Spectacular Bid: a legend undone by a pin

Having witnessed back-to-back Triple Crowns, thoroughbred racing fans eagerly awaited 1979 and, with Spectacular Bid poised for greatness, many expected a three-peat. The dominant colt rolled to victory in the Kentucky Derby and again in the Preakness, but immortality escaped him.

It could have been the infamous safety pin; it could have been just an off day, but Spectacular Bid lost in the Belmont Stakes -- probably the race for which he's best remembered.

A gray son of Bold Bidder, bred in Kentucky by Mrs. William Jason and Mrs. William Gilmore, Spectacular Bid won 26 of his 30 starts.

The Spectacular Bid Profile

  • Place of birth: Lexington, Ky.
  • Date of birth/age of death: Foaled Feb. 17, 1976/died at 27 on June 9, 2003.
  • Sex: Male.
  • Owner: Harry and Teresa Meyerhoff of Hawksworth Farm.
  • Trainer: Grover G. "Bud" Delp.
  • Sire and Dam: Bold Bidder, Spectacular.
  • Jockey/s: Ronnie Franklin, Jorge Velasquez, William Shoemaker.
  • Record: 30 races: 26 wins, two seconds, one third and one fourth.
  • Career earnings: $2,781,608.

Spectacular Bid Achievements

The $37,000 yearling purchase won his first two starts, lost the next two and then reeled off 12 consecutive wins.

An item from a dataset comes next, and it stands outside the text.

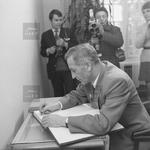 Zdzisław Tomal (na pierwszym planie), wicepremier i członek Prezydium Naczelnego Komitetu Zjednoczonego Stronnictwa Ludowego; zdjęcie wykonane w gmachu Prezydium Wojewódzkiej Rady Narodowej we Wrocławiu (dziś Dolnośląski Urząd Wojewódzki, pl. Powstańców Warszawy 1) w czasie uroczystości wręczenia Z. Tomalowi złotej odznaki "Zasłużony dla Dolnego Śląska"
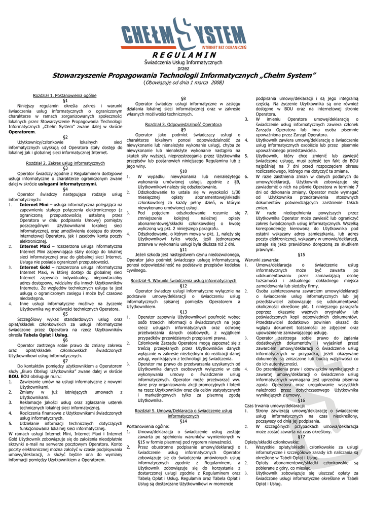 REGULAMIN Świadczenia Usług Informatycznych przez Stowarzyszenie Propagowania Technologii Informatycznych „Chełm System” (Obowiązuje od dnia 1 marca 2008) Rozdział 1. Postanowienia ogólne §1 Niniejszy regulamin określa zakres i warunki świadczenia usług informatycznych o ograniczonym charakterze w ramach zorganizowanych społeczności lokalnych przez Stowarzyszenie Propagowania Technologii Informatycznych „Chełm System” zwane dalej w skrócie Operatorem. §2 Użytkownicy/członkowie lokalnych sieci informatycznych uzyskują od Operatora stały dostęp do lokalnej jak i globalnej sieci informatycznej Internet. Rozdział 2. Zakres usług informatycznych §3 Operator świadczy zgodnie z Regulaminem dostępowe usługi informatyczne o charakterze ograniczonym zwane dalej w skrócie usługami informatycznymi. §4 Operator świadczy następujące rodzaje usług informatycznych: 1. Internet Mini – usługa informatyczna polegająca na zapewnieniu stałego połączenia elektronicznego (z ograniczoną przepustowością ustaloną przez Operatora w dniu podpisania Umowy) pomiędzy poszczególnymi Użytkownikami lokalnej sieci informatycznej, oraz umożliwieniu dostępu do strony internetowej Operatora, jak i zasobów konta poczty elektronicznej. 2. Internet Maxi – rozszerzona usługa informatyczna Internet Mini zapewniająca stały dostęp do lokalnej sieci informatycznej oraz do globalnej sieci Internet. Usługa nie posiada ograniczeń przepustowości. 3. Internet Gold – rozszerzona usługa informatyczna Internet Maxi, w której dostęp do globalnej sieci Internet zapewnia indywidualny, niepowtarzalny adres dostępowy, widzialny dla innych Użytkowników Internetu. Ze względów technicznych usługa ta jest usługą o ograniczonym zasięgu i może być czasowo niedostępna. 4. Inne usługi informatyczne możliwe na życzenie Użytkownika wg możliwości technicznych Operatora. §5 Szczegółowy wykaz standardowych usług oraz opłat/składek członkowskich za usługi informatyczne świadczone przez Operatora na rzecz Użytkowników określa Tabela Opłat i Usług. §6 Operator zastrzega sobie prawo do zmiany zakresu oraz opłat/składek członkowskich świadczonych Użytkownikowi usług informatycznych. §7 Do kontaktów pomiędzy użytkownikiem a Operatorem służy „Biuro Obsługi Użytkownika” zwane dalej w skrócie BOU. BOU obsługuje m.in.: 1. Zawieranie umów na usługi informatyczne z nowymi Użytkownikami. 2. Zmiany w już istniejących umowach z Użytkownikami. 3. Reklamacje jakości usług oraz zgłaszanie usterek technicznych lokalnej sieci informatycznej. 4. Rozliczenia finansowe z Użytkownikami świadczonych usług informatycznych. 5. Udzielanie informacji technicznych dotyczących funkcjonowania lokalnej sieci informatycznej. W ramach usługi Internet Mini, Internet Maxi i Internet Gold Użytkownik zobowiązuje się do założenia nieodpłatnie skrzynki e-mail na serwerze pocztowym Operatora. Konto poczty elektronicznej można założyć w czasie podpisywania umowy/deklaracji, a służyć będzie ona do wymiany informacji pomiędzy Użytkownikiem a Operatorem. §8 Operator świadczy usługi informatyczne w zasięgu działania lokalnej sieci informatycznej oraz w zakresie własnych możliwości technicznych. Rozdział 3. Odpowiedzialność Operatora §9 Operator jako podmiot świadczący usługi o charakterze lokalnym ponosi odpowiedzialność za niewykonanie lub nienależyte wykonanie usługi, chyba że niewykonanie lub nienależyte wykonanie nastąpiło na skutek siły wyższej, nieprzestrzegania przez Użytkownika przepisów lub postanowień niniejszego Regulaminu lub z jego winy. §10 1. W wypadku niewykonania lub nienależytego wykonania umówionej usługi, zgodnie z §9, Użytkownikowi należy się odszkodowanie. 2. Odszkodowanie to ustala się w wysokości 1/30 miesięcznej opłaty abonamentowej/składki członkowskiej za każdy pełny dzień, w którym niewykonano umówionej usługi. 3. Pod pojęciem odszkodowanie rozumie się zmniejszenie kolejnej należnej opłaty abonamentowej/składki członkowskiej o kwotę wyliczoną wg pkt. 2 niniejszego paragrafu. 4. Odszkodowanie, o którym mowa w pkt. 1, należy się Użytkownikowi tylko wtedy, jeśli jednorazowa przerwa w wykonaniu usługi była dłuższa niż 2 dni. §11 Jeżeli szkoda jest następstwem czynu niedozwolonego, Operator jako podmiot świadczący usługę informatyczną, ponosi odpowiedzialność na podstawie przepisów kodeksu cywilnego. Rozdział 4. Warunki świadczenia usług informatycznych §12 Operator świadczy usługi informatyczne wyłącznie na podstawie umowy/deklaracji o świadczeniu usług informatycznych spisanej pomiędzy Operatorem a Użytkownikiem. §13 1. Operator zapewnia Użytkownikowi poufność wobec osób trzecich informacji o świadczonych na jego rzecz usługach informatycznych oraz ochronę przetwarzania danych osobowych, z wyjątkiem przypadków przewidzianych przepisami prawa. 2. Członkowie Zarządu Operatora mogą zapoznać się z treścią przesyłanych przez Użytkowników danych wyłącznie w zakresie niezbędnym do realizacji danej usługi, wynikającym z technologii jej świadczenia. 3. Operator ma prawo do przetwarzania uzyskanych od Użytkownika danych osobowych wyłącznie w celu wykonywania umowy o świadczenie usług informatycznych. Operator może przetwarzać ww. dane przy organizowaniu akcji promocyjnych i loterii na rzecz Użytkowników oraz dla celów statystycznych i marketingowych tylko za pisemną zgodą Użytkownika. Rozdział 5. Umowa/Deklaracja o świadczenie usług informatycznych §14 Postanowienia ogólne: 1. Umowa/deklaracja o świadczenie usług zostaje zawarta po spełnieniu warunków wymienionych w §15 w formie pisemnej pod rygorem nieważności. 2. Przez obustronne podpisanie umowy/deklaracji o świadczenie usług informatycznych Operator zobowiązuje się do świadczenia umówionych usług informatycznych zgodnie z Regulaminem, a U

He closed out 1978 with wins in the Champagne Stakes, Young America Stakes, Laurel Futurity and Heritage Stakes to clinch the 2-year-old title.

The streak continued through the first Saturday in May 1979. Spectacular Bid was a popular betting favorite in the Kentucky Derby, but not so popular among racing fans. His outspoken trainer, Bud Delp, prior to the Derby had described the gray colt as "the greatest horse to ever look through a bridle."

But the Derby field -- and Spectacular Bid's skeptics -- were dealt a resounding defeat by the 3-5 favorite.

Spectacular Bid faced only four others in the Preakness. As a 1-10 favorite , he rewarded his backers a meager $2.20 to win, tied with Citation (1948) for the lowest Preakness payout.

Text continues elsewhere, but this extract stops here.